- Title page
- Foreword from the Minister of State Services
- Introduction from the State Services Commissioner
- Chief Executive Statement of Responsibility
- Nature and Scope of Functions
- Strategic Direction
- Operating Intentions
- Central Agencies' Shared Agenda
- Managing in a Changeable Operating Environment
- Assessing Organisational Health and Capability
Managing in a Changeable Operating Environment
The State Services Commission is continuously scanning our environment as part of our role in improving the performance of the State Services. Our regular interactions with State Services agencies, our central agency partners and Government all help us to understand the context in which we operate.
There are approximately 215,000 State servants, comprising 10% of New Zealand's workforce and responsible for around 31% of New Zealand's Gross Domestic Product. They are spread across 35 Public Service departments, approximately 200 other agencies and close to 2,600 school boards of trustees.
These numbers illustrate the influence that high performing State Services have on the overall economic and social well-being of New Zealand. Today, high performance has to be achieved in a more challenging operating environment, as detailed below.
The key consideration in the State Services' current operating environment is the economic crisis facing the world economy. Falling growth rates, lower commodity prices, falling demand for our exports, rising unemployment and expected falls in annual tax revenues mean that the State Services need to work more efficiently and effectively within existing baselines.
New Zealanders expect more responsive, timely, convenient and personalised services delivered by the private sector and are increasingly expecting the same levels of high quality, value for money services from the State Services.
Demographic trends indicate that over the next 50 years the proportion of older New Zealanders will increase, as will the proportion of our population who are of Maori, Pacific or Asian ethnicity. Our increasingly diverse population will require changes to employment and people management practices and further consideration of how to deliver services in a targeted and effective way to customers with increasingly different needs.
Continued technological change and shifting expectations from both employees and citizens mean that government agencies need to make smart choices in the use of technology as both an enabler and as a service delivery channel.

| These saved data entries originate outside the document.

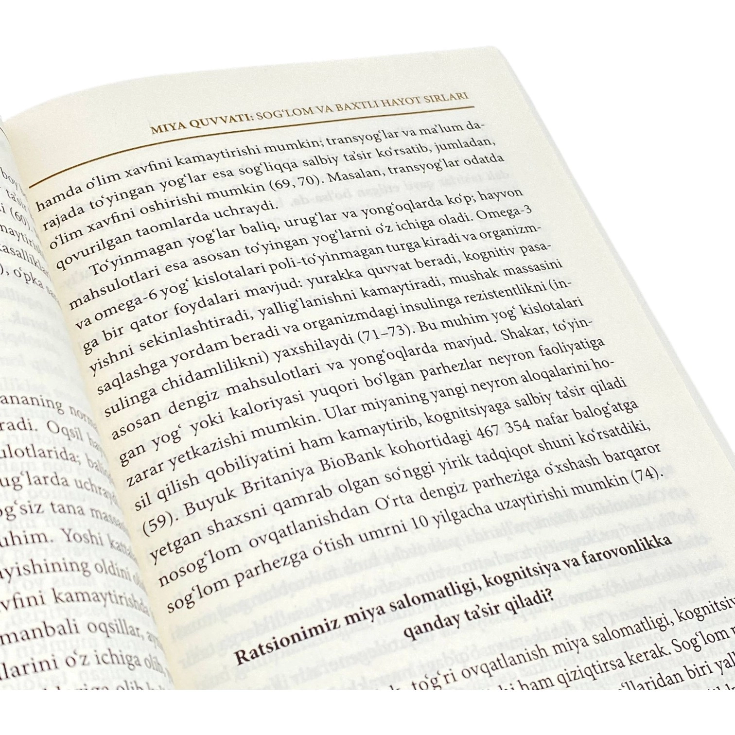 "Замонавий ҳаёт муаммолари домида кўпчилигимиз соғлиқ ва фаровонлигимизни асраш ёки яхшилаш йўлларини излаймиз. Бу мақ- садга эришишда жамият ва жамоамизда ўз салоҳиятимизни намо- ён қилиш ва мақсадли ишларни бажариш қанчалик муҳимлигини тобора кўпроқ англаяпмиз. Илмий далилларга бой ва осон ўқиладиган ушбу "Миянгизни чархланг" китоби уйқу, овқатланиш, жисмоний машқлар, тафаккур ва кайфиятни яхшилаш учун соғлом турмуш тарзини шакллантириш усулларини очиб беради.
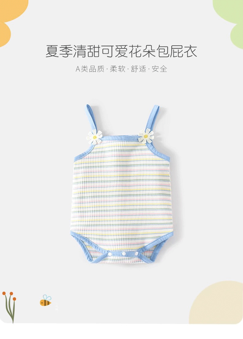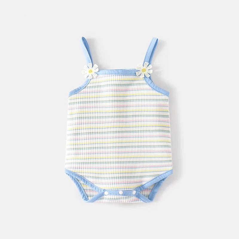 2025 여름 아기옷 스트라이프 유아 여아 의류 부드럽고 피부 친화적인 멜빵 바디수트
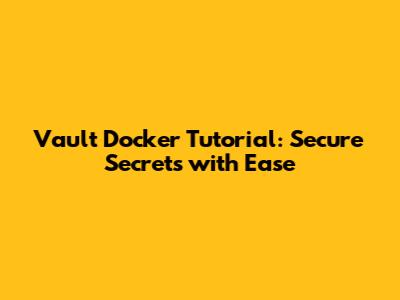 Vault Docker Tutorial: Secure Secrets With Ease

Web-based and wireless technologies allow people to communicate and access information and services when they want and how they want.
The Government expects an increasingly professional and apolitical State Services where advice is sought and received in a free and frank way. It is looking to the State Services to deliver better front line service delivery with a focus on results and real value for money. Agencies will need to adjust their focus to ensure these priorities are delivered.
The Commission's senior management team undertakes a monthly scan of all Commission-wide strategic risks. High level risks are managed directly by a member of the senior management team. Lower level risks are managed by third tier managers, with oversight from relevant senior management team members.
We have identified a number of strategic risks within our operating environment, including:
- the risk to employee engagement from organisational change
- the risk of poor compliance with contract management policies.
In addition to its standard internal management controls and risk management processes, the Commission is implementing an externally-chaired Risk and Audit Committee in line with best practice guidance from the Office of the Auditor-General. The Committee will provide independent checks and balances over the operation of the Commission's risk management and internal control frameworks.